I am dedicating the next month to exploring the common struggles that my clients have and sharing some steps you can take on your own to improve your communication. This may not be the article for you but the net one may be so please follow for more articles.
The Perfection Paradox: ESL Clients' Language Concerns
One big concern that plagues many of my ESL clients is an overwhelming emphasis on language perfection, whether it be in speaking or writing. They tend to excessively worry about grammar and the size of their vocabulary. However, in reality, they possess a functional vocabulary and their grammar is understandable. To understand the reasons behind this discrepancy, it's crucial to reflect on how we learned English differently.
Grammar-Centric Education in Asian Cultures
Asian cultures often prioritize grammar in language education. Teachers dedicate most of their lessons to teaching grammar rules and memorizing vocabulary definitions, followed by quizzes to assess understanding.
You are probably familiar with the books of business English vocabulary that are aimed at helping ESL learners to improve their English.
This emphasis on memorization and perfection rather than function, is reflected in an incident involving a Korean student I once worked with.
The student had recently taken an English exam as part of her middle school assessment. The exam comprised a fill-in-the-blank question set, and to her surprise, her public school teacher marked one of her answers as incorrect. Perplexed, she approached me, a native English speaker, seeking clarification on her mistake.
Upon reviewing her response, I found no errors.
The sentence made perfect sense.
I advised her to consult her teacher for further explanation. To her dismay, the teacher justified the marking by claiming that the class had not yet learned the specific vocabulary word used in her answer.
Restrictive Curricula and Language Mastery
Now, I have to make it clear that not every student goes through this, but there are definitely cases where rigid curricula leave no room for alternative answers. It's like they teach you that there's only one right answer, one wrong answer, and anything else is just plain wrong.
But here's the thing: language isn't so black and white. It's not a rigid set of rules that you either follow perfectly or fail miserably. In reality, there are countless word choices that can perfectly fit a given context. Sure, some choices may be better than others, but they're all valid options. And you know who gets this? Native English speakers. We get it because when we were learning the language; they did not punish us for using simple words. As long as we could get our thoughts across coherently, that's what mattered most.

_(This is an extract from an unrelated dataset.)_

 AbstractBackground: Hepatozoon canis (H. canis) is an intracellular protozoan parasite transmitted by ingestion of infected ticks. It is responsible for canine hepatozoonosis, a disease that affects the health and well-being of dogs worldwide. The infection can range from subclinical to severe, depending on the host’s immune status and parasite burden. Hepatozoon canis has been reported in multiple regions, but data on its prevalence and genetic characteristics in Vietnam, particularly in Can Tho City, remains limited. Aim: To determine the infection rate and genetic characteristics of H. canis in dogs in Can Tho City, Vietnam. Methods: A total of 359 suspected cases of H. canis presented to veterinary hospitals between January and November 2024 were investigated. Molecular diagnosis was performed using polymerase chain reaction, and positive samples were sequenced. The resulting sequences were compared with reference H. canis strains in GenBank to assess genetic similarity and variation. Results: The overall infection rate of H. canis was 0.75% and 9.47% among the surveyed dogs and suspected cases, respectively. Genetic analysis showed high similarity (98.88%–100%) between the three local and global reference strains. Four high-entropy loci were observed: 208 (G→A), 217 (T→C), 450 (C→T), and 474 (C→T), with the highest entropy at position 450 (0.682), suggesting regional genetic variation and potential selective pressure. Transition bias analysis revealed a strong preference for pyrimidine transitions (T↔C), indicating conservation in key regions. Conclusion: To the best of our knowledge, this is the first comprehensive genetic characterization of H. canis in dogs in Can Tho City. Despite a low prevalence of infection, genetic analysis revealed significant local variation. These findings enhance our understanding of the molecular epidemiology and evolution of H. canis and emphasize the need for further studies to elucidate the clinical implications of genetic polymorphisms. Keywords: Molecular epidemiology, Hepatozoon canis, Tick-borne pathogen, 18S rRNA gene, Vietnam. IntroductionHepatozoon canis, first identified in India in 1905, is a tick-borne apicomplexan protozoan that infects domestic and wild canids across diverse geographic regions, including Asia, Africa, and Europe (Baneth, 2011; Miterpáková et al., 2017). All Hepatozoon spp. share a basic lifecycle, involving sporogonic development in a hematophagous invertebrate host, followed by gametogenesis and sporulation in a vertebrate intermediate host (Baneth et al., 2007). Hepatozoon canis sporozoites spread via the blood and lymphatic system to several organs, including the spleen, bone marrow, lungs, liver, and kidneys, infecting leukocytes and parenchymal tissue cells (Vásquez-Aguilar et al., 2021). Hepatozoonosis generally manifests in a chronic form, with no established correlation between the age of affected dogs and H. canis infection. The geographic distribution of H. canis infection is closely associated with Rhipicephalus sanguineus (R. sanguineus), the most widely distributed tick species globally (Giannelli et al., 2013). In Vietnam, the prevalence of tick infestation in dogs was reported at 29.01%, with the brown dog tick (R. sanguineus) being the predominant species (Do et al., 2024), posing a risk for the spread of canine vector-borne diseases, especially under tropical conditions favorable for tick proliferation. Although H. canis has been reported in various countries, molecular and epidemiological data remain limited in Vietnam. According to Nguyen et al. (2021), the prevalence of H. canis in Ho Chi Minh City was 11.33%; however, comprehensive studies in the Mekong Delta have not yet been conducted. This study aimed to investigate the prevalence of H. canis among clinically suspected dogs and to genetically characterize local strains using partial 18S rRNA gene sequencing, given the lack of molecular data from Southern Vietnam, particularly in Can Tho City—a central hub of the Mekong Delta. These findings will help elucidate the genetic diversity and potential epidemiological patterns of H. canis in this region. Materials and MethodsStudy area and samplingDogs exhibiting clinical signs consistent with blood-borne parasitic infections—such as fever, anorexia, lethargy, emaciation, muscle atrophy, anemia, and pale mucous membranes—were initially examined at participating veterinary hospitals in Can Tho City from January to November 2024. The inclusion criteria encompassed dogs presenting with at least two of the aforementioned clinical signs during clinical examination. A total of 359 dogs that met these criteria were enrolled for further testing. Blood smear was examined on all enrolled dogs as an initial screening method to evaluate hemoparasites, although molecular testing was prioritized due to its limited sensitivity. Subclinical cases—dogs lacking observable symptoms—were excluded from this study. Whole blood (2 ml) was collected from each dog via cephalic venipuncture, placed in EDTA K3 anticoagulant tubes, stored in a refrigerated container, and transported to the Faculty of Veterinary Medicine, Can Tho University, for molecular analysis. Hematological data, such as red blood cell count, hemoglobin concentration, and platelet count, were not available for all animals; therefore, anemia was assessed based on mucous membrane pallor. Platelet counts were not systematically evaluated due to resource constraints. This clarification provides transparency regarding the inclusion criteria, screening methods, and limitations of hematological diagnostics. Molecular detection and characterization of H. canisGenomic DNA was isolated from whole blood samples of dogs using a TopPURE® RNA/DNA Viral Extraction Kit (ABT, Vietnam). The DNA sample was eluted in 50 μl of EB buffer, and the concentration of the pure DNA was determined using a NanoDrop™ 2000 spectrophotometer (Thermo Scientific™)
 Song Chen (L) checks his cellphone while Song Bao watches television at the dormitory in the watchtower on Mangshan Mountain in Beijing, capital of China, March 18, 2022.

When it came to writing essays, it wasn't about trying to impress with fancy words or obsessing over flawless grammar (although grammar is important for clarity, let's not forget that). No, the real focus was on conveying our ideas and backing them up with solid reasoning.

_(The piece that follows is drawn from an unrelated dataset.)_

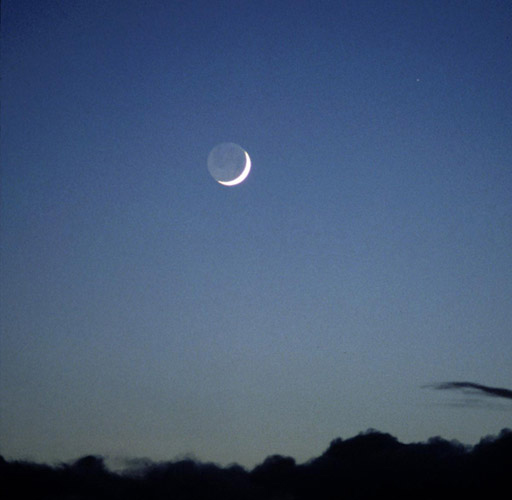 月球位于日、地之間時(shí)稱之為“朔”,月球暗的半個(gè)球朝向地球,我們看不到它;朔之后的一、二天,鐮刀狀的新月從西方的天空中出現(xiàn),當(dāng)月球呈鐮刀狀出現(xiàn)在天邊的時(shí)候,我們能看到月球圓面的其余部分顯現(xiàn)微弱的光輝。這種光輝來自地球反射的太陽光,稱為“灰光”。地球能把入射陽光的40%反射出去,比月球反射光線的“能力”高得多,從而可以照亮月球,產(chǎn)生“灰光”。
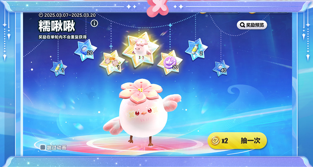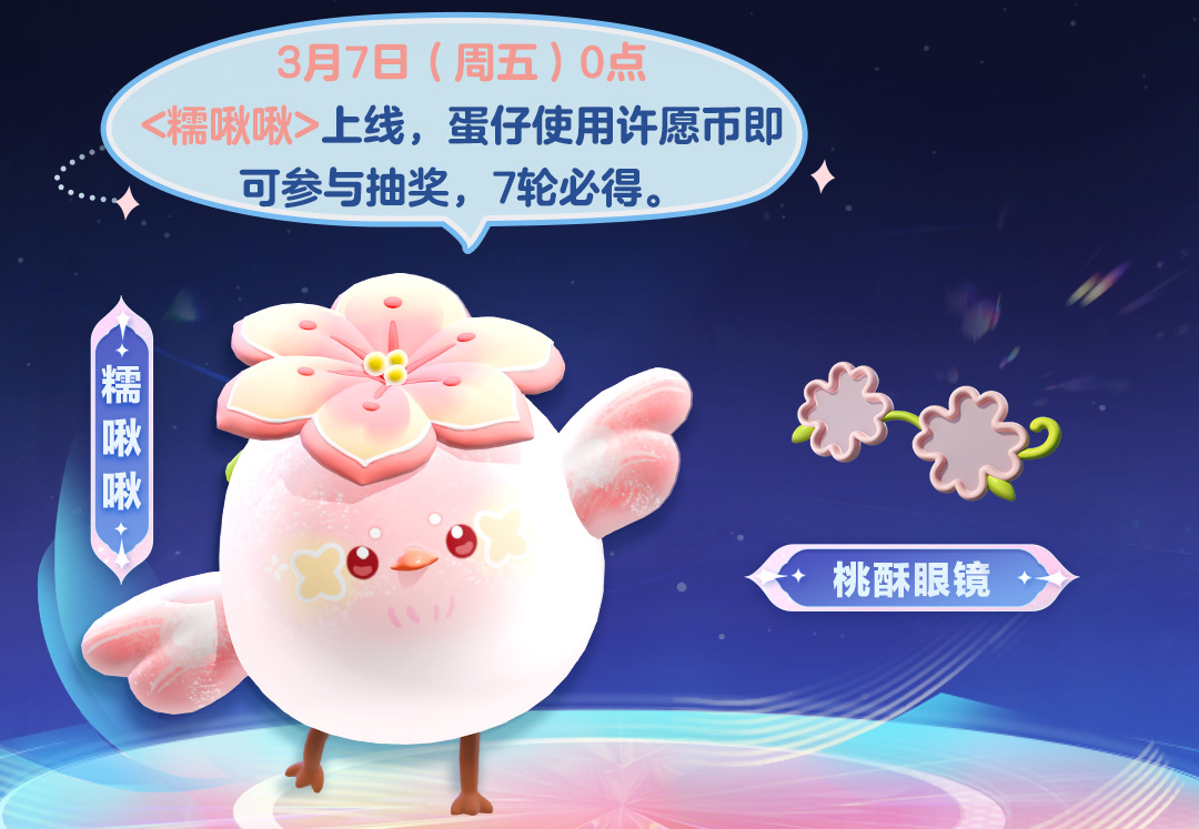 3月7日(周五)0点<糯啾啾>上线,蛋仔使用许愿币即可参与抽奖,7轮必得。

I’m not convinced I’m at that level!
Ok, so you’ve read the article but aren’t convinced that you have the functional level of English that I’m talking about. Fair enough.
How do you find out? Here is how you figure it out.
1. What do you want?
You need to outline what level of English you are actually aiming for. BE SPECIFIC. It would be great if we all learned English for 20 mins a day and became a native level but that’s not the reality.

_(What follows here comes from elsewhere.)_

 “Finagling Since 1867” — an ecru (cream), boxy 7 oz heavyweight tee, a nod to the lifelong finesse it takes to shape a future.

If you are aiming to be an individual contributor, the level of English you need will differ from being a manager or a director. Be frank with yourself and answer the question of what you want to be able to do.
Understand --% of a group meeting
Understand --% of 1 on 1
Read a 20 page work document in -- min
Read an email in -- min
Speak in group meetings
Lead/Host a group meeting
Give critical feedback in a group/1 on1
Persuade and defend a proposal
Negotiate work contract
Speak at a conference or run a workshop for a large group
Write email/document/newsletter in under __ min
Write at the same level as --
2. Get Feedback
You can’t be object about your own writing and speaking skills. You’ve been schooled into thinking you need tests to evaluate yourself and have focused on all the times you’ve been wrong. This is going to make you bad at evaluating your own work. Sorry.
So you need someone else. Pick someone who will giv eyou honest feedback and has seen you in various settings.
Sit them down, lay out your English goals and ask them to giv eyou feedback on how close you are to them.
Feeling vulnerable? It’s not easy but it is the fastest way to know how much time, effort and money you need to invest.
Don’t have a trusted advisor, you can book a free consultation with me. I’ve been working with professionals for years and can give you detailed feedback in 15 minutes.
For ESL individuals, it is crucial to recognize that excessive worry about grammar should take a backseat to the development and expression of ideas. While maintaining understandable grammar is important, the primary focus should be on presenting ideas and supporting them with sound reasoning.
By shifting the focus from language perfection to effective communication, ESL professionals can overcome the barriers they face in international workplaces.